Problem to solve:
Take the entries below and reproduce exactly the portion that begins at the line containing "(2) 完善签约实验室动态管理。 根据认证业务范围变化，2019" and ends at the line containing "MadeIn. The Color", keeping both ends, dropping pictures, and adding nothing else.

*** Exercise inputs Section Begins ***

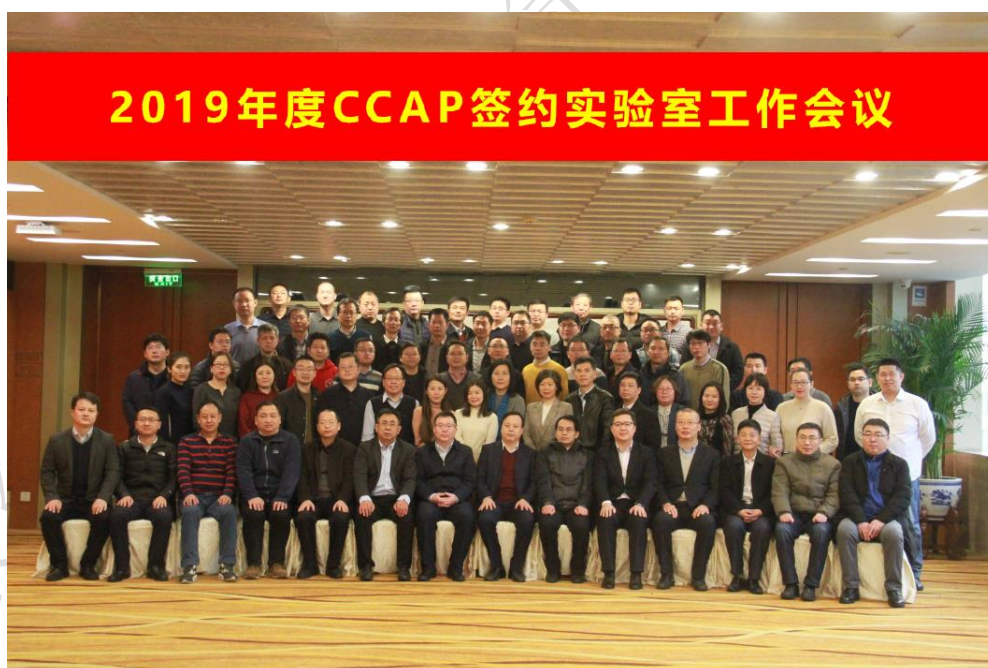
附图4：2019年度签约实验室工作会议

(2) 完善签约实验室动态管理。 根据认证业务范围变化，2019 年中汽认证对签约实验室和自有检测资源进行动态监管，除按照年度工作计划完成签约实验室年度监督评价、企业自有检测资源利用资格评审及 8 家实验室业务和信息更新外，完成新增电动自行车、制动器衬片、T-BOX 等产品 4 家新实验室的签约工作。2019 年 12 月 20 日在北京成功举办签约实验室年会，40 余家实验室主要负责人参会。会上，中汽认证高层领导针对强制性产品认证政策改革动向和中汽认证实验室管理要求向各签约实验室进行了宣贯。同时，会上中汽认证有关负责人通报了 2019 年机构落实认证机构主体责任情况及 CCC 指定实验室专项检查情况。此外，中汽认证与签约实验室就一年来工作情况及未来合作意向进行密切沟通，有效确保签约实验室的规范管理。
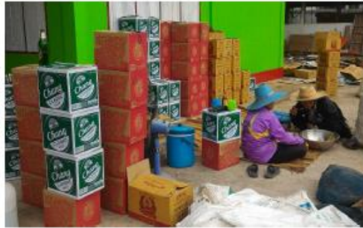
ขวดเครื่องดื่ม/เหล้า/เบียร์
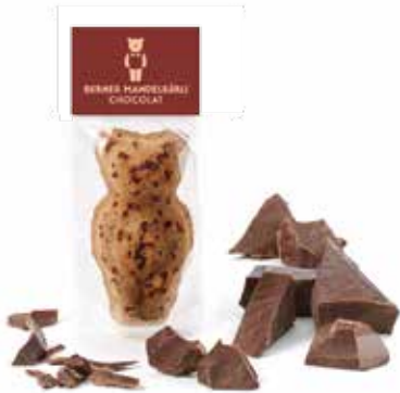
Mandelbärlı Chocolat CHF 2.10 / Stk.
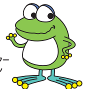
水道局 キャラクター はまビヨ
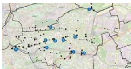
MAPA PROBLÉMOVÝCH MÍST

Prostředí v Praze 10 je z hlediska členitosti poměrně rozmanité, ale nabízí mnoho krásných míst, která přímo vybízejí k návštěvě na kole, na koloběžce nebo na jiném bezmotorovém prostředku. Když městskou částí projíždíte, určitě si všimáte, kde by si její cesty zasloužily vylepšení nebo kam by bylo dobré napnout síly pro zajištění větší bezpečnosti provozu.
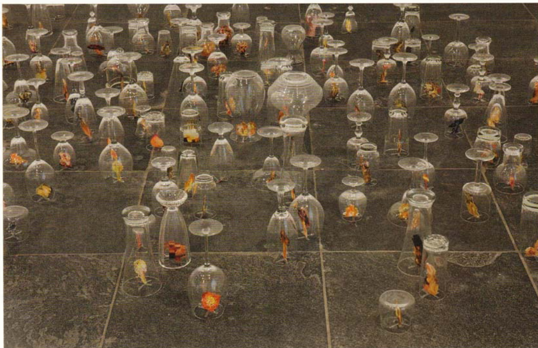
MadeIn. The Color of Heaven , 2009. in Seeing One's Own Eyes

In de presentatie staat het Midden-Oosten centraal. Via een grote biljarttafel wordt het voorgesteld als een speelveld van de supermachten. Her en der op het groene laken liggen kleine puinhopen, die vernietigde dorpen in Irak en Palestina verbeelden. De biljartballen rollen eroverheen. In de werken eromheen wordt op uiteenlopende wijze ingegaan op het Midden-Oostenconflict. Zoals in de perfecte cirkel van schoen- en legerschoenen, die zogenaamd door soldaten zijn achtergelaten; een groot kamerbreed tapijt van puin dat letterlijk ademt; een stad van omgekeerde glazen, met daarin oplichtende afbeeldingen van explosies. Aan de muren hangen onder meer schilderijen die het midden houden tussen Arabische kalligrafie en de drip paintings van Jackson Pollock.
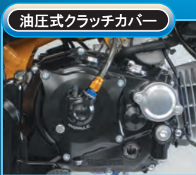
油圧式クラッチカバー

*** Exercise inputs Section Ends ***

Reply to the exercise:
(2) 完善签约实验室动态管理。 根据认证业务范围变化，2019 年中汽认证对签约实验室和自有检测资源进行动态监管，除按照年度工作计划完成签约实验室年度监督评价、企业自有检测资源利用资格评审及 8 家实验室业务和信息更新外，完成新增电动自行车、制动器衬片、T-BOX 等产品 4 家新实验室的签约工作。2019 年 12 月 20 日在北京成功举办签约实验室年会，40 余家实验室主要负责人参会。会上，中汽认证高层领导针对强制性产品认证政策改革动向和中汽认证实验室管理要求向各签约实验室进行了宣贯。同时，会上中汽认证有关负责人通报了 2019 年机构落实认证机构主体责任情况及 CCC 指定实验室专项检查情况。此外，中汽认证与签约实验室就一年来工作情况及未来合作意向进行密切沟通，有效确保签约实验室的规范管理。
ขวดเครื่องดื่ม/เหล้า/เบียร์
Mandelbärlı Chocolat CHF 2.10 / Stk.
水道局 キャラクター はまビヨ
MAPA PROBLÉMOVÝCH MÍST

Prostředí v Praze 10 je z hlediska členitosti poměrně rozmanité, ale nabízí mnoho krásných míst, která přímo vybízejí k návštěvě na kole, na koloběžce nebo na jiném bezmotorovém prostředku. Když městskou částí projíždíte, určitě si všimáte, kde by si její cesty zasloužily vylepšení nebo kam by bylo dobré napnout síly pro zajištění větší bezpečnosti provozu.
MadeIn. The Color of Heaven , 2009. in Seeing One's Own Eyes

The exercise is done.